En effet, le Gabon n’a pas de programme de soutien en cours avec le FMI, son dernier accord remontant à 2018. Tandis que des pays comme l’Égypte, la Côte d’Ivoire, le Kenya ou le Ghana figurent dans le top 10 des pays les plus endettés auprès du FMI, avec des engagements atteignant plusieurs milliards de dollars, le Gabon a su éviter des niveaux d’endettement inquiétants. À titre d’exemple, l’Égypte est actuellement engagée pour près de 8,95 milliards de dollars, tandis que la Côte d’Ivoire et le Kenya sont respectivement à 5,2 milliards et 4,2 milliards de dollars.
Mais au-delà de ces comparaisons, la situation du Gabon mérite d’être abordée sous un autre angle.
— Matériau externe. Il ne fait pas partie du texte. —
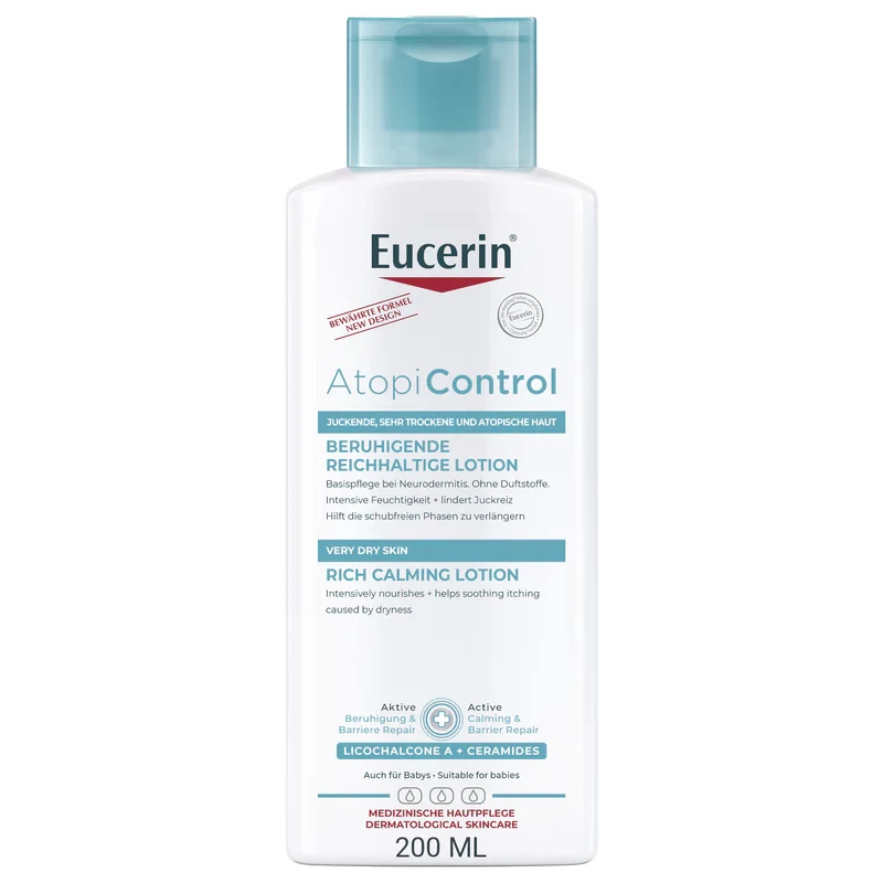 If you have dry and irritable skin, Eucerin AtopiControl range is a perfect solution during inactive phases as well as when flare-ups occur. Eucerin AtopiControl Rich Calming Body Lotion is an easily absorbed and water-in-oil lotion that helps hydrate, soothe and reduce skin discomfort and dryness caused by atopic dermatitis. Its rich formula contains essential ingredients that ease itchy and dry skin. Licochalcone A actively soothes and calms inflammations, Natural Omega Oils help stabilize skins natural protective barrier, and Ceramides strengthen skins barrier to prevent moisture loss. Experience intense moisturization, improved skin condition and a visibly smooth skin with daily and regular application of Eucerin AtopiControl Rich Calming Body Lotion. Its a perfect body lotion for dry skin that can be used once or twice daily or as adjunctive care to Eucerin AtopiControl Acute Care Cream during a flare-up. It is suitable for adults, children, and babies that are three months or over. To minimize the risk of skin irritation, Eucerin AtopiControl Body Lotion is made without harsh chemicals. It contains no fragrance, parabens and colorants, making it safe and gentle for use on newborn and fragile skin as well. The body lotion is clinically and dermatologically proven to be suitable for patients with atopic skin.
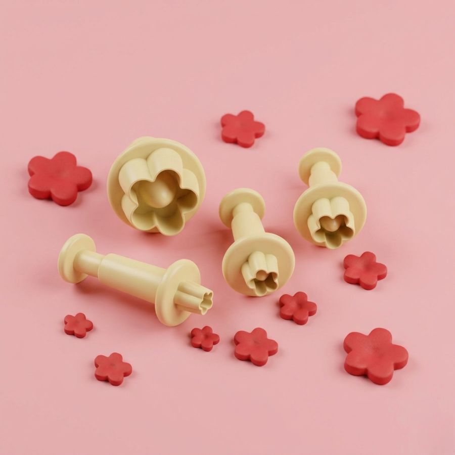 Fabricado em plástico resistente, o kit conta com 4 ejetores de tamanhos diferentes, aproximadamente 0,9 cm, 1,3 cm, 2,2 cm e 2,7 cm, oferecendo versatilidade para composições variadas e detalhadas. Seu design permite cortar e marcar as flores com facilidade, além de ejetar as peças prontas sem danificá-las. A praticidade e durabilidade do material tornam este kit uma excelente escolha para quem busca eficiência, criatividade e acabamento impecável em cada decoração.

Il est essentiel de ne pas se limiter à une simple évaluation du montant total de la dette, mais plutôt de considérer sa soutenabilité. En d’autres termes, quel est le poids réel du service de la dette par rapport aux ressources propres du pays ? Cette analyse est cruciale pour déterminer si le Gabon peut continuer à honorer ses engagements financiers sans compromettre ses priorités de développement.
Actuellement en discussion pour la mise en place d’un nouveau programme avec le FMI, le Gabon se concentre sur des projets stratégiques qui pourraient renforcer son développement à long terme. Le pays souhaite aligner ses priorités de croissance avec des objectifs durables, en mettant l’accent sur des secteurs essentiels comme l’infrastructure, la santé, l’éducation et la diversification économique.
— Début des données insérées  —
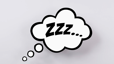 Thought bubbles work like speech bubbles but with a couple of big differences. In thought bubbles, these aren't words or things that characters say out loud. They are things they think to themselves. A thought bubble is usually a cloud shape with a tail, or like in this picture, smaller bubbles pointing to the character who is thinking. In this example the 'zzz' would tell the reader that the character is thinking about sleep... or is maybe very bored! A lightbulb in a thought bubble is a famous way of showing that the character has had an idea. (fStop Images GmbH / Alamy Stock Photo)

Ces négociations devraient aboutir à un programme qui permettra au Gabon d’équilibrer sa politique de gestion de la dette avec des investissements dans des projets porteurs de croissance. De plus, une telle approche pourrait contribuer à réduire la dépendance du pays vis-à-vis du secteur pétrolier, tout en ouvrant la voie à une économie plus diversifiée et résiliente.
Ainsi, le Gabon continue de naviguer avec prudence, cherchant à équilibrer son endettement avec des réformes nécessaires pour assurer son avenir économique. L’institution du FMI, bien qu’essentielle pour certains pays, n’est pas l’unique voie pour les Gabonais : la volonté d’adopter une stratégie de développement autonome et axée sur les priorités nationales reste une part importante de la vision du pays pour les années à venir.
Les mois à venir, marqués par la finalisation d’un nouvel accord avec le FMI, seront déterminants. Le Gabon semble prêt à tirer parti de cette opportunité pour poser les bases d’une croissance durable et d’un futur économique plus stable, dans lequel chaque Gabonais pourrait en tirer les bénéfices.